Assessment of endoscopic and histological features are important tools in the diagnosis and monitoring of EoE.4,8

  • Endoscopic findings for the diagnosis in adults should be evaluated using the EoE Endoscopic Reference Score, or EREFS;4,8 this reference scoring system allows clinicians to grade the five major endoscopic findings in EoE, which are described by the ‘EREFS’ acronym (Edema, Rings, Exudates, Furrows and Strictures), by severity4
  • Diagnosis of EoE based on histology findings require oesophageal biopsies demonstrating at least 15 eosinophils per high-powered field (eos/hpf), after evaluating for non-EoE disorders that cause or potentially contribute to EoE; at least six oesophageal biopsies from at least two oesophageal levels is recommended (e.g., either proximal, mid and/or distal), using the endoscopic findings to guide the location of the biopsies4,8
    • Histological analysis and assessment of eos/hpf is the gold standard in clinical practice for a diagnosis of EoE;8 however, in research settings, the EoE Histologic Scoring System has been suggested to objectively assess the severity (grade) and extent (stage) of eight common histological features of EoE, including, but not limited to, basal zone hyperplasia, eosinophilic infiltration and lamina propria fibrosis4,11

Identification of symptoms of oesophageal dysfunction, including dysphagia, food impaction, adaptive eating behaviours, heartburn and chest pain/discomfort in adults and adolescents.4,8

In infants and children, a significant proportion will present with a macroscopically normal oesophagus and non-specific symptoms of EoE, including, but not limited to, vomiting and abdominal pain.12 As such, biopsies are essential to diagnosis of EoE in children.12 In a meta-analysis of 1015 patients with EoE, 21% of children had a macroscopically normal oesophagus.12

Evaluation of non-EoE disorders that can potentially cause or contribute to oesophageal eosinophilia should also be considered, such as gastroesophageal reflux (GORD) disease, hypereosinophilic syndrome, non-EoE eosinophilic gastrointestinal diseases, achalasia and Crohn’s disease, pill oesophagitis and autoimmune diseases.4,8 Some patients with EoE may also present with concomitant disease, such as Crohn’s disease or GORD;12 therefore, attributing the cause of oesophageal symptoms to EoE is key.

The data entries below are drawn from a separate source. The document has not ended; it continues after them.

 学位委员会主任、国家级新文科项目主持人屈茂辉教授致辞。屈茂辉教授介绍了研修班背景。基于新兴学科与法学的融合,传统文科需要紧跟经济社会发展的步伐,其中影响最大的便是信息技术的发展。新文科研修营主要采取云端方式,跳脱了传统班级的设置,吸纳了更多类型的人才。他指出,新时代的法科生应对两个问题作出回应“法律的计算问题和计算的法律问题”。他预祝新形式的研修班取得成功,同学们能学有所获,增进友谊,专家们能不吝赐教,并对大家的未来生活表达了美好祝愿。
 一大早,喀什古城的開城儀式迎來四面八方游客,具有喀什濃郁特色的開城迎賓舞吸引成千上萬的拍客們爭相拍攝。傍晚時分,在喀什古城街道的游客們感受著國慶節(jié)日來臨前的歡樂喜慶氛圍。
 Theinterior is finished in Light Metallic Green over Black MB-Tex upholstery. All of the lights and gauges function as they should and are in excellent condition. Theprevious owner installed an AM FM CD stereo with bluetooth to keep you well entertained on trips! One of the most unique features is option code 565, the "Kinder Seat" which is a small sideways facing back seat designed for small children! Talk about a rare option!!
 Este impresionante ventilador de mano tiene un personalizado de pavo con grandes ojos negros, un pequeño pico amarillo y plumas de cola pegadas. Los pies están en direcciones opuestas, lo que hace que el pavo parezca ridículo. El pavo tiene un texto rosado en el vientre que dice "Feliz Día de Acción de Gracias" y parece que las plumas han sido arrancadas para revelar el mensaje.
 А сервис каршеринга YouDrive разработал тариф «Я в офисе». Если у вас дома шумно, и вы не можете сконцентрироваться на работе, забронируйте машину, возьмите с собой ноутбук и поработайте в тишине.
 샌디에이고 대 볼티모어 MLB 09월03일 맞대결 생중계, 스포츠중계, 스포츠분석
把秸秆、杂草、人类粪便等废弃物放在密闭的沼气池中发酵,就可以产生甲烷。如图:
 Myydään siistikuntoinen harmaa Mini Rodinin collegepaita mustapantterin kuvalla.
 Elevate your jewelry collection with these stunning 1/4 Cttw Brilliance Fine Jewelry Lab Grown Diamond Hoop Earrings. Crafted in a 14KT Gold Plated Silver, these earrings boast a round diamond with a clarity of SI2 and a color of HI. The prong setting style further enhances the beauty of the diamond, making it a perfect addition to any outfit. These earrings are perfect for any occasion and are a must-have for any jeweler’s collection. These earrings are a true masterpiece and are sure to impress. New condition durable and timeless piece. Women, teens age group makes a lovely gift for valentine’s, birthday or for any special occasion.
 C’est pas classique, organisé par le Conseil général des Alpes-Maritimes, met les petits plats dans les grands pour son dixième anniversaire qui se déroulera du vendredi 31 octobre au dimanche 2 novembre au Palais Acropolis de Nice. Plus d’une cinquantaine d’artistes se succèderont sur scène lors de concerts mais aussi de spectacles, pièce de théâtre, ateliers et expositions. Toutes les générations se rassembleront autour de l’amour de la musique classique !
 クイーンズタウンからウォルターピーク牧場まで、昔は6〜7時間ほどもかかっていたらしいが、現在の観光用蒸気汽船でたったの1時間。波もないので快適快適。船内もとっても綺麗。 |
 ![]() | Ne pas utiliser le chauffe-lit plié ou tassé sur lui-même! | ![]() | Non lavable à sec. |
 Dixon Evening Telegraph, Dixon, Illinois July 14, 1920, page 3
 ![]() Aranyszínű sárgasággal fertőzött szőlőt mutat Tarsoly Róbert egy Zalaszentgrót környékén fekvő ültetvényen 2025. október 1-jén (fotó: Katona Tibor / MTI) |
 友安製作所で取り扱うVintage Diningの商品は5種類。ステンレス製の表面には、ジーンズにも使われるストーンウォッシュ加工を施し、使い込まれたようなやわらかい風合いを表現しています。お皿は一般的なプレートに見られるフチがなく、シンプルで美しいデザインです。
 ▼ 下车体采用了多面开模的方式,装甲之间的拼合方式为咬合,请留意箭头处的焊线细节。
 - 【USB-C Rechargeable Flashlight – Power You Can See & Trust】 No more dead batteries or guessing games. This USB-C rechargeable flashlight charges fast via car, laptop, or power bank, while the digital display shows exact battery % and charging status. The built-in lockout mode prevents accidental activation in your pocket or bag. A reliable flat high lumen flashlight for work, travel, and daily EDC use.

To learn more about recommendations for conducting endoscopy in EoE, click here

Several risk factors contribute to EoE pathogenesis

The incidence of EoE has increased rapidly in recent years. A recent paper pooled the global incidence and prevalence of EoE from 40 studies, which included patients (n=147,668) from 15 countries. Between 2011 and 2013, the prevalence was 32 cases per 100,000 inhabitant-years, which increased to approximately 74 cases per 100,000 inhabitant-years between 2017 and 2022, and was higher in adults than in children.13 However, the prevalence of EoE varies geographically, with higher rates reported in Australia, North America and Western Europe than Japan and China.14 The rising incidence suggests that environmental factors, and their interaction with the oesophageal epithelium, play an important role in disease pathogenesis.4,6,8,14

Ingested food allergens, including cow’s milk, wheat, soy and eggs, are known triggers of epithelial dysfunction and T2 inflammation in EoE, and are considered to be risk factors and drivers of the disease.4,8,14 A disrupted epithelial barrier permits allergen penetration and subsequent immune activation.8 Although food allergens are known triggers of EoE, the mechanisms behind allergen-specific immune activation are not fully understood and further research is needed. However, the removal of specific foods, either by dietary elimination or use of hypoallergenic formulas, can lead to disease remission.14

The involvement of aeroallergens, infectious disease and microbiome-altering factors in infancy (including antibiotic use during the first year of life, Caesarean delivery and pre-term birth, use of acid suppressants or a stay in a neonatal intensive care unit) have been also been implicated in several studies.14,15 Although these factors are being investigated for a possible role in EoE, they have not yet been defined as proven risk factors for EoE.15

It has been established that EoE is over five-times more likely to occur in people with atopy, and the more atopic comorbidities a patient has, the more likely they are to have EoE.16,17 Much like EoE, atopic diseases, such as asthma, feature a disrupted epithelial barrier, which initiates and drives long-term T2 inflammation and leads to clinical symptoms.4,18 Previous research suggests that between 60% and 80% of patients have concomitant allergic conditions, including IgE-mediated food allergies, asthma, atopic dermatitis and allergic rhinitis;4 therefore, the more atopic comorbidities a patient has the more likely they are to have EoE.4,17,19,20 This highlights the importance of evaluating patient history when making a diagnosis.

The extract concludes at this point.